This is a book packed full of incident. Ms. Garrett has a non-sentimental view of spiritualism and concedes that much in the way of supposed communication with the dead is banal and platitudinous. Written in 1968, it accurately predicts the advent of showbiz spiritualism where the emphasis is on showmanship and where alleged communication with the deceased is nothing more than social entertainment. She even speculates on whether the only purpose of spiritualism is as a form of propaganda "to deaden sensitivities and keep alive the feeling that all is well with the world".

As for her so-called spirit controls, she states, "I long ago accepted them as working symbols of the subconscious". However, when she moved to America, the spirit control going by the name of Abdul Latif, she says, stayed behind, and worked with (possessed?) another medium called Miss Francis.

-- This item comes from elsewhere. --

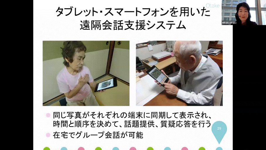 タブレットやスマートフォンを用いた遠隔会話支援システムでは、同じ写真がそれぞれの端末に同期して表示され『共想法』ができます。在宅でグループ会話が可能なことから、コロナ禍を機に当事者研究でも導入しました。家から出られない状態の人や遠方の人でも参加できるので、コロナ禍が明けた2023年以降も継続してこのシステムを使い、現在月1回、定期的に開催しています。対話支援ロボットは、埼玉県和光市、遠隔会話支援システムは、埼玉県和光市と大阪府岸和田市の自治体の協力を得て実験を行いました。

The perils of mediumship become apparent as she suffers one illness after another in the course of her work. On one occasion a mysterious, apparently paranormal hooded being appeared in her hospital room to advise her to practice correct breath control to maintain her health and prevent asthma. She says that by following this being/person's advice she obtained a new elasticity of vision and mind.

She says that in anxious times the demand for mediums increases. The message of this book seems to be that it might be best not to bother. She makes reference to the strict training she received from Hewat McKenzie, who sounds like a hard taskmaster, and who spent time training the spirit controls to show respect to the medium's ego.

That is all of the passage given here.